Ini pun dapat kita pahamkan, sebagaimana dikemukakan oleh setengah ahli tafsir. Kata mereka bagi menguatkan bahwa itu belum surga yang dijanjikan di hari depan ialah karena di surga yang disebutkan ini masih ada lagi makanan yang dilarang memakannya, sebagaimana dapat kita lihat pada ayat-ayat yang menyatakan sifat-sifat dan keadaan surga; bahkan khamr yang istimewa dari pabrik surge pun boleh diminum di sana. Yang kedua, kalau itu sudah surga yang dijanjikan, tidaklah mungkin ruh jahat sebagaimana iblis itu dapat masuk ke dalamnya.

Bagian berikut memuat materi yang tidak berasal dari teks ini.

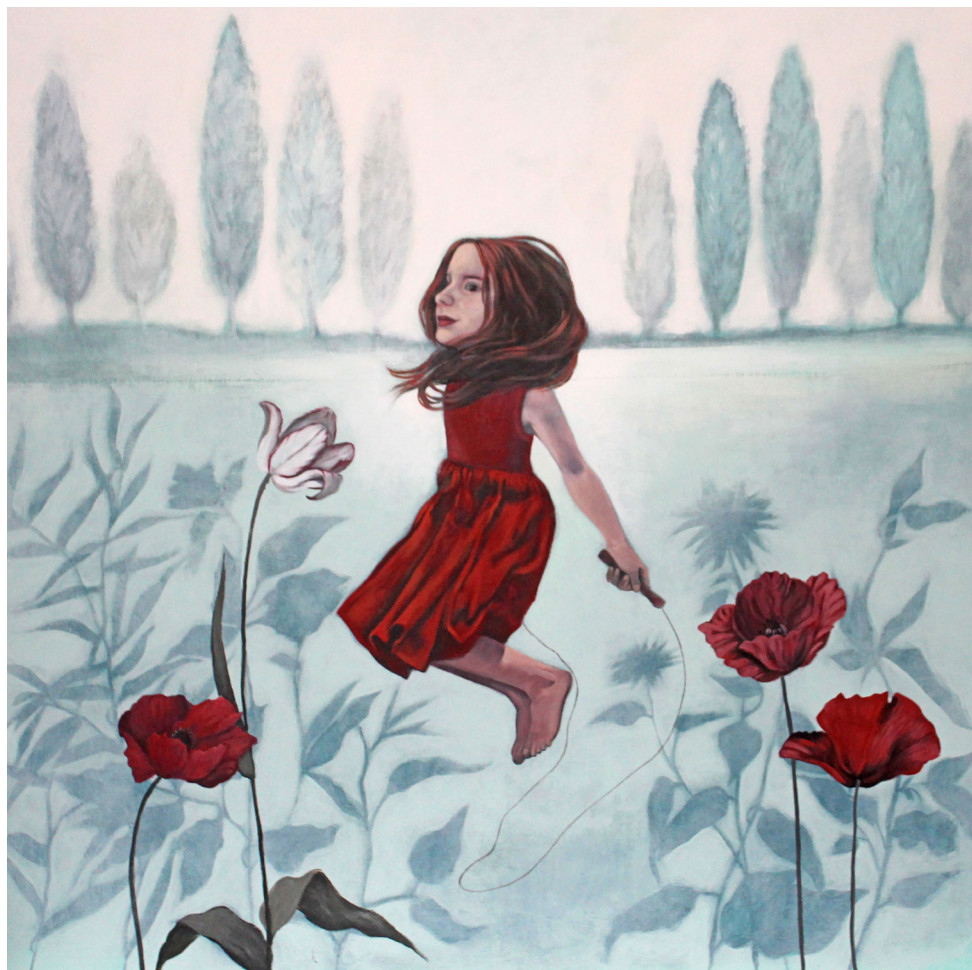
De tarde... , 2025, Acrílico sobre tela, 145 x 145 cm
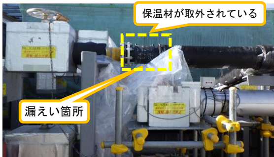
(写真 1 - 1) 漏えい箇所の状況 前回 (12月17日) 撮影
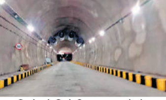
देशवासियों को मिलेगी गांदरबल से लेह तक सुकाम यात्रा की सौगात

जम्मू-कश्मीर। प्रधानमंत्री नरेंद्र मोदी सोमवार (13 जनवरी 2025) को गान्दरबल से लेह तक सुकाम यात्रा की सौगात देंगे। सुबह 10 बजे सोनमर्ग से पहले शूटकड़ी नामक स्थान पर प्रधानमंत्री जेड मोड़ टनल का उद्घाटन करेंगे। इस दौरान जम्मू-कश्मीर के उपराज्यपाल मनोज सिन्हा, मुख्यमंत्री उमर अब्दुल्ला भी मौजूद रहेंगे। पीएम मोदी के दौरे को लेकर वहां पर सुरक्षा के कड़े इंतजाम किए गए हैं। यह परियोजना क्षेत्रीय विकास और कनेक्टिविटी की दिशा में एक
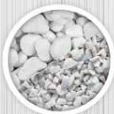
Pedra Branca e Pedrisco
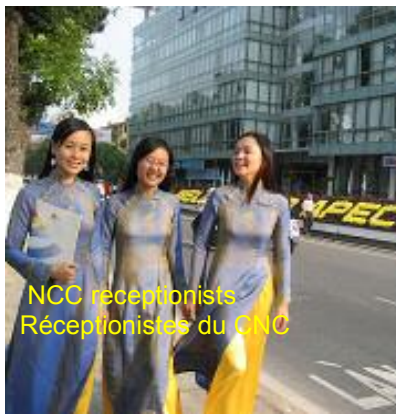
NCC receptionists Réceptionnistes du CNC

Maka, mengaji di mana letak jannah itu, jannah duniakah atau jannah yang telah dijanjikan, demikianlah halnya, menunjukkan betapa bebasnya ulama-ulama dahulu berpikir. Dan kita tidak mendapat alasan kuat pula buat mengatakan bahwa yang satu lebih kuat dari yang lain.
Sebagai kunci dari sabda-sabda mengenai Adam dan istrinya ini, berfirmanlah Tuhan selanjutnya,
Ayat 39
“Dan orang-orang yang kafir, dan mendustakan ayat-ayat Kami."
Yaitu, yang tidak mau memedulikan pesan-pesan yang telah diberikan Allah kepada Adam dan istrinya seketika mereka dilepas dari Jannah itu ke dalam dunia ini sehingga orang-orang itu jatuh ke dalam perangkap setan Iblis yang menjadi musuhnya turun-temurun.
“Mereka itulah penghuni neraka, yang mereka di dalamnya akan kekal."
Dengan ayat ini sebagai pengunci kisah, terbentanglah di hadapan kita suatu petunjuk bahwa kita tidak akan berhenti berjihad, bersungguh-sungguh, bekerja keras, bersemangat di dalam dunia ini. Kita sebagai turunan Adam telah diangkat menjadi khalifah Allah, menyambung tugas nenek moyang kita. Dan kita menghadapi satu kenyataan, yaitu di dalam melaksanakan tugas itu kita selalu diganggu dan diperdayakan oleh setan Iblis.